The result is a darkly funny, intoxicating allegory that feels both ancient and urgently modern.
Among the ensemble of nine exceptional actors, the comic duo of the club’s waitstaff — portrayed by Joel Stern and Mila Michael — emerges as one of the production’s highlights.
Stern, known for his sharp wit and charisma, plays Jamie, a working-class actor obsessed with selling tickets to his one-man show. He also does an excellent job of using comedy to tackle the hard-hitting and deeply poignant themes of the play in a light-hearted and entertaining manner.
Michael, meanwhile, embodies Irma, an immigrant waitress who believes she was sent to London by ancestral spirits from Tierra del Fuego. Convinced she is the reincarnation of Xalpen, a mythic being destined to turn boys into men, Irma searches for a hero who will one day need her help to change the world.
The dynamic between the two is electric — playful, poetic, and deeply human. When Jamie exposes Irma’s contradictions, revealing her opportunism and the unsettling truth of her family’s past, Michael’s performance oscillates between hilarity and heartbreak. Her final scene with the Mayor of London is a moment of sheer vulnerability, peeling back the mask to reveal a woman caught between self-mythology and survival.
Michael’s Irma becomes the emotional compass of the play: absurd, radiant, and achingly real. With her blend of physical comedy, emotional depth, and fierce intelligence, she commands the stage as both clown and oracle.
They are wonderfully surrounded by the other seven talents, with special mention to Edmund Digby-Jones and Ruggero Barlaba as the villains.
Mila Michael, has built an international career defined by versatility, courage, and a refusal to be confined by borders or conventions. She not only stars but also produces the piece alongside Lyna Dubarry, a French–Moroccan actress making her directorial debut after acclaimed performances in House of David (Amazon Prime) and Liaison (Apple TV+).

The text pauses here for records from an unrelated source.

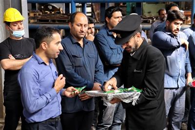 جمعی از خادمان بارگاه منور رضوی با حضور در کارخانجاتِ شرکت لوله سازی اهواز بیرقِ امام هشتم را میان کارکنانِ خطوط تولید گرداندند.
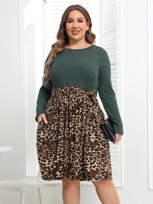 Plus Leopard Print Hidden Pocket Dress
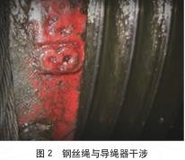 1)升降機(jī)運(yùn)行異響來源于鋼絲繩與導(dǎo)繩器的干涉(如圖 2 所示),由于吊鉤與貨廂龍門架吊耳的安裝位置不合理,致鋼絲繩處于斜拉狀態(tài),使導(dǎo)繩器與鋼絲繩干涉,造成導(dǎo)繩器排繩效果不良,使鋼絲繩脫離卷筒繩槽,發(fā)生鼓包現(xiàn)象。升降機(jī)的沖頂使電動葫蘆外殼變形,故造成鼓包處鋼絲繩與電動葫蘆變形外殼干涉,導(dǎo)致該處鋼絲繩磨損斷絲。
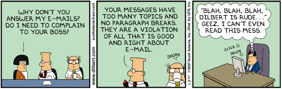 blah, blah, Dilbert is rude...' Geez, I can't even read this mess."

The script by Joel Stern, a rising British–Sri Lankan writer, performer, and director, is a deft blend of biting satire and emotional intelligence.
The trio — Michael, Dubarry, and Stern — spent months developing the production.

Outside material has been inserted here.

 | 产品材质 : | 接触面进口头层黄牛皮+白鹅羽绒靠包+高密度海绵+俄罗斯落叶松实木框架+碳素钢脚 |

Their ambition: to bring The Madwoman of Camden to a full-scale London run and, ultimately, the West End.
With The Madwoman of Camden, Michael steps into her most ambitious role yet — as both performer and producer — uniting an international cast around a common purpose: reclaiming imagination as an act of resistance.

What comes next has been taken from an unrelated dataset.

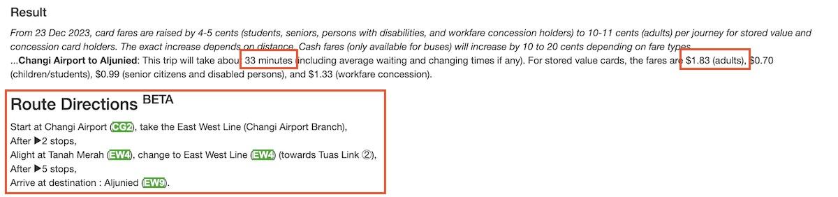 Как видно из скриншота выше – поездка из Аэропорта Чанги к нашему отелю (7 остановок) на метро занимает примерно 33 минуты. Стоимость – 1.83 SGD. Также показывается подсказка – на какой станции сесть, где сделать пересадку и какая станция конечная.

Dubarry’s direction is bold and cinematic, while Stern’s writing cuts through modern despair with laughter as its weapon. The result is theatre that feels alive, urgent, and necessary.
Minimalist in staging yet rich in atmosphere, the production relies on light, rhythm, and ritual to draw the audience into a world both familiar and dreamlike. Tarot readings, immersive interactions, and symbolic rituals turn each performance into a collective experience — an invitation to madness as a form of healing.
Michael’s leadership — artistic, organizational, and spiritual — anchors the entire enterprise. Her ability to merge Argentine passion, European sophistication, and contemporary relevance positions her as one of the most intriguing talents working across continents today.
The piece, first developed through a series of intimate workshops, has gradually evolved into a fully realized theatrical experience. Its early presentations functioned both as creative laboratories and as opportunities to refine the emotional language of the work in front of live audiences.
The play was presented at The Park Theatre on October 28th and at Arcola Theatre on November 10th. It was performed at The Old Red Lion on November 7th and 8th and will be on again at Fabwick on November 12th.
At its core, The Madwoman of Camden is not only about madness but about empathy — about confronting our collective traumas and learning, once again, to work in community.
“We’re all living among madness,” Michael says. “But maybe madness is just what happens when we start seeing the truth.”
With that, the madwoman smiles — and the lights go out.